One of the most common ways Organomation dryers are used is to prepare samples ahead of GC-MS. A driving factor behind our desire to produce the best sample preparation instrumentation is to aide researchers who are completing incredibly important work in their laboratories.

GC-MS combines both gas chromatography (GC) and mass spectrometry (MS) to identify and quantify compounds within a sample. Samples are first vaporized and separated within a gas chromatography column. The separated compounds are then passed to a mass spectrometer where they are ionized, fragmented, and further passed along to a charged detector. This detector creates peaks based on the mass-to-charge ratio of each fragment -- the more fragment detected in the sample, the bigger the peak will be. The resulting spectra can then be compared with existing libraries of mass spectra to identify and quantify analytes. As Organomation evaporators are used in more and more labs, we continue to be impressed by the wide scope of how GC-MS is applied.
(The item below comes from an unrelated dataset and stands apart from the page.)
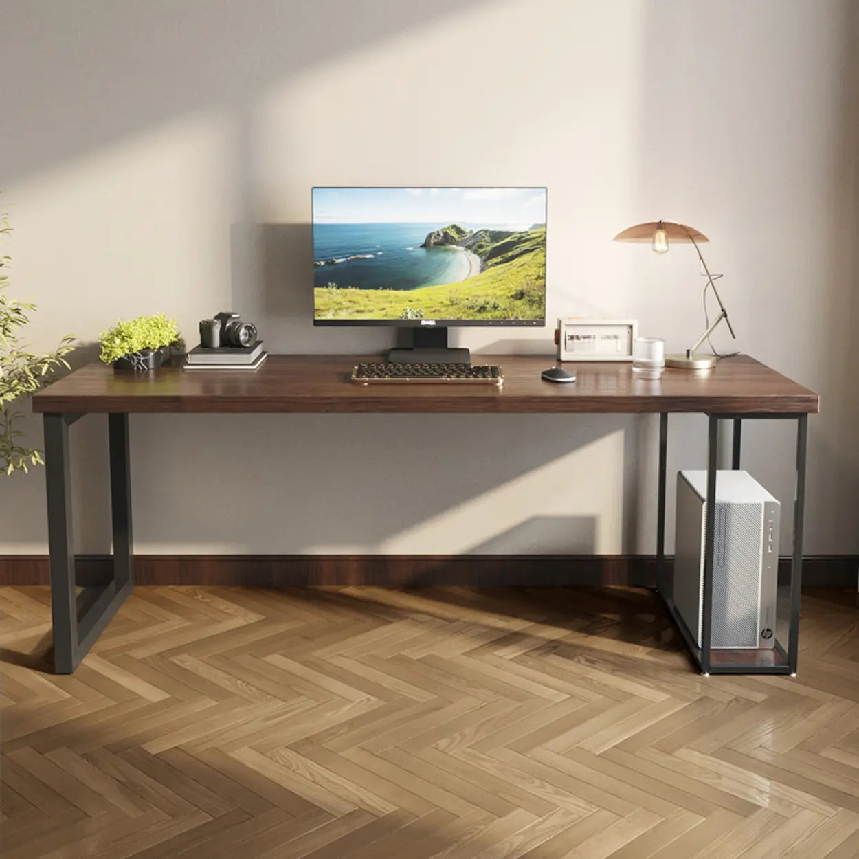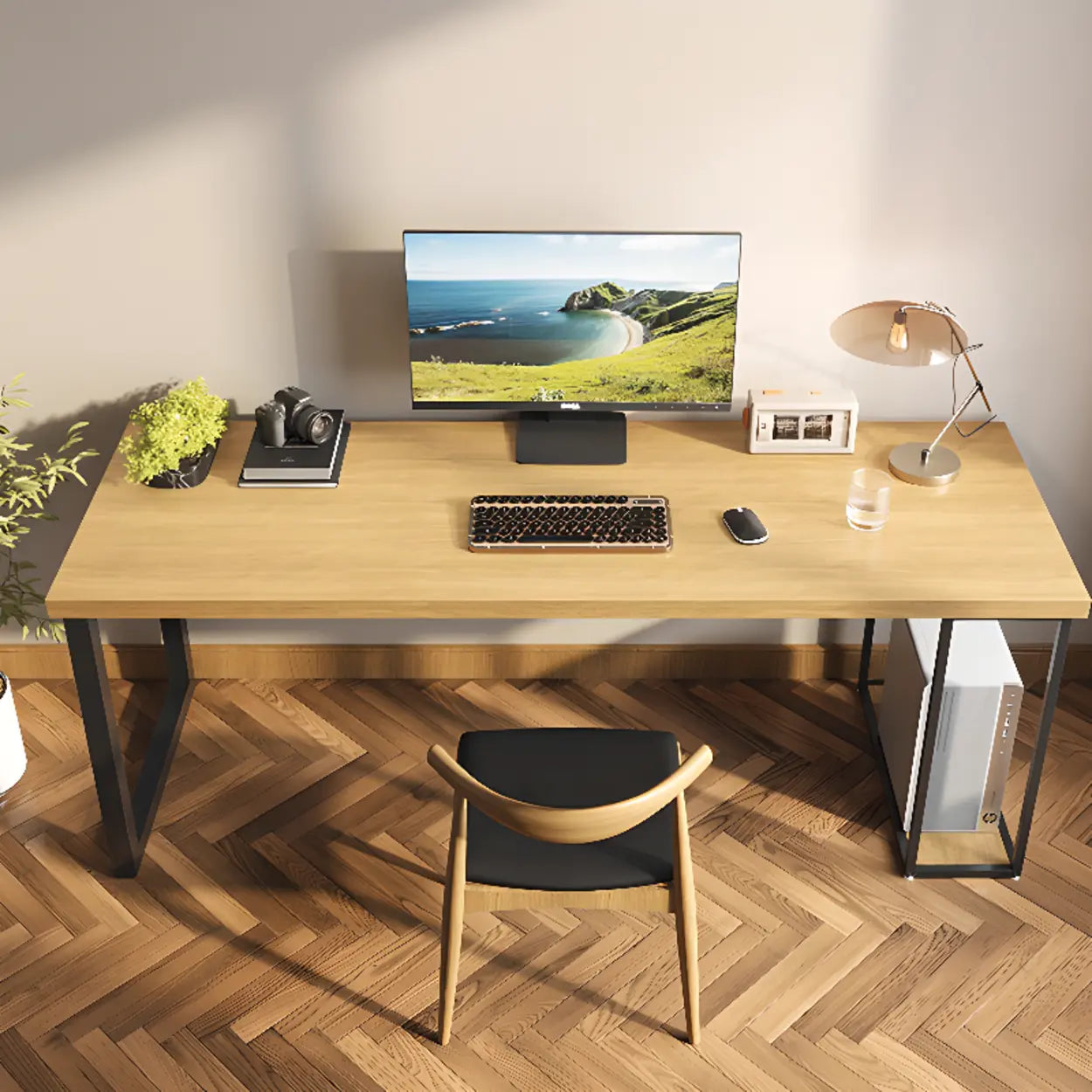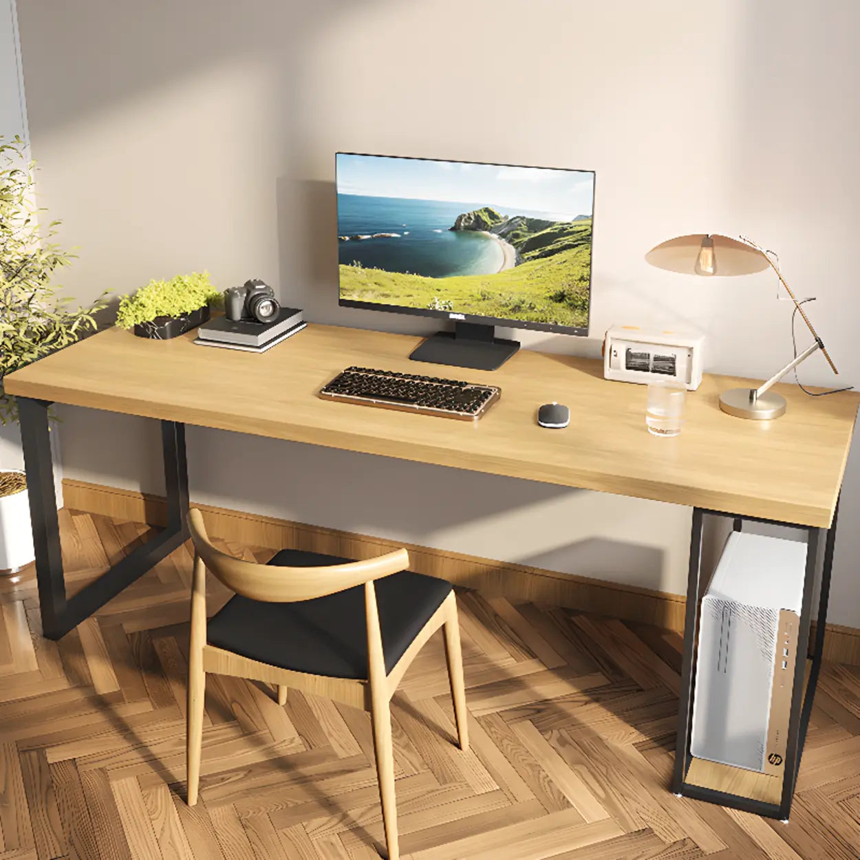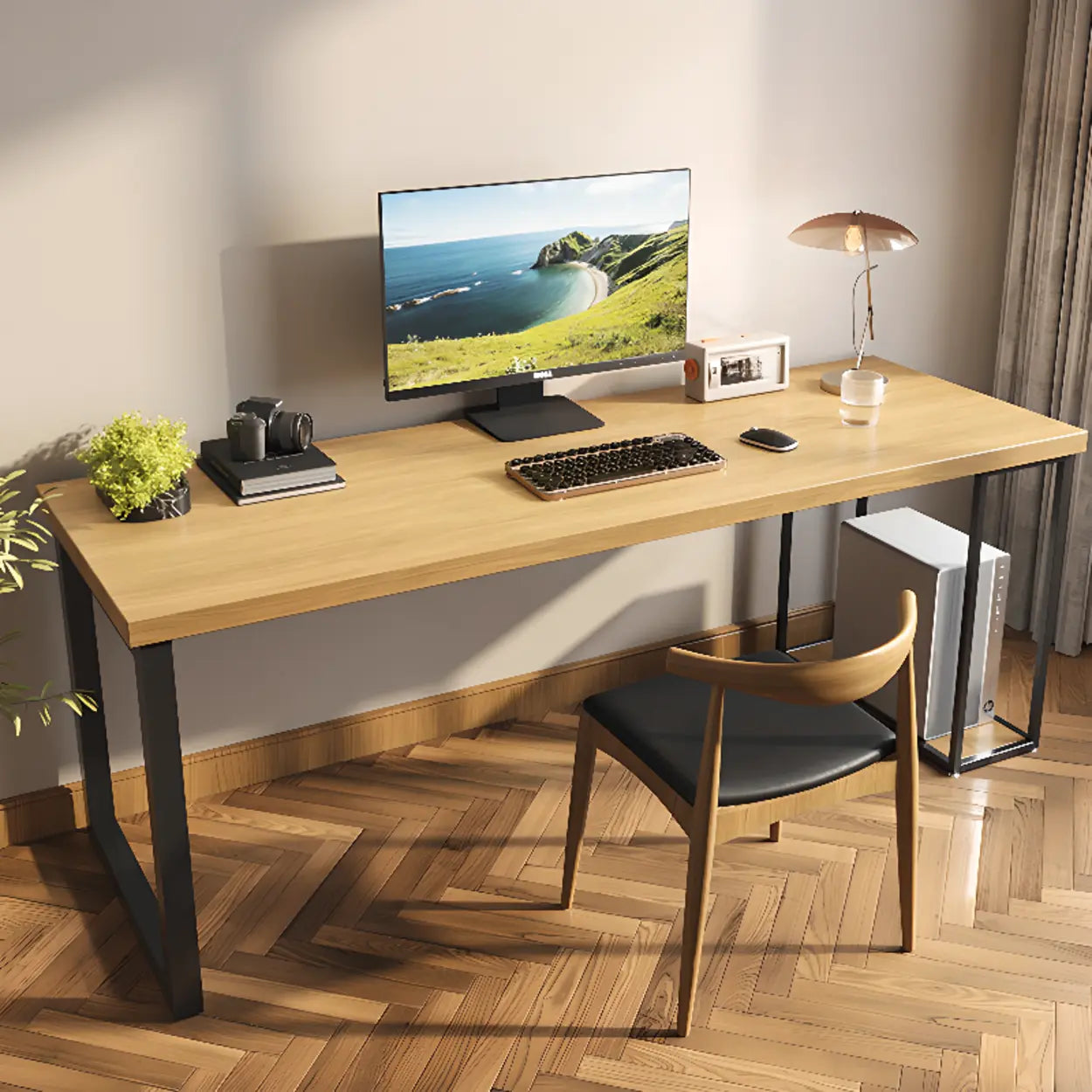 This functional rectangular pine table merges stylish innovation with expediency to flawlessly enhance your office backdrop. Its classic wood color complements the black metal frame, which is not only visually pleasing but also applicable and durable. Whether you need an efficient work area or a simple ornamental piece, this table can fulfill your demands.

One of the researchers who was gracious enough to invite us into his lab is Patrick Jonker who is a PhD student at the University of Chicago. Patrick works in the Muir laboratory which is housed within the Ben May Department for Cancer Research at the Gordon Center for Integrative Science. The lab focuses on pancreatic cancer research, specifically tumors. Patrick and his team are working to better understand the environment around the tumor and how those factors impact the tumor's growth. By learning more about the cells, researchers hope to identify vulnerabilities. Common questions include how cells react to nutrients which can be studied by measuring metabolites and amino acids. Isolating the fluid within tumors and creating custom cell cultures are areas of focus. 64 position MULTIVAP Nitrogen Evaporator

Patrick's team uses their MULTIVAP nitrogen evaporator to dry off excess methanol from their samples which are typically concentrated in batches of 40 or more. Drying down these samples is critical prior to derivatization, which is the process of modifying an analyte to improve its separation or performance in GC. The analytes are changed slightly through a chemical reaction, usually by adding or modifying a functional group on the compound. When fewer than 40 samples are being prepared, the Muir lab team enjoys being able to turn off the nitrogen flow for the rows in the sample block which are empty. 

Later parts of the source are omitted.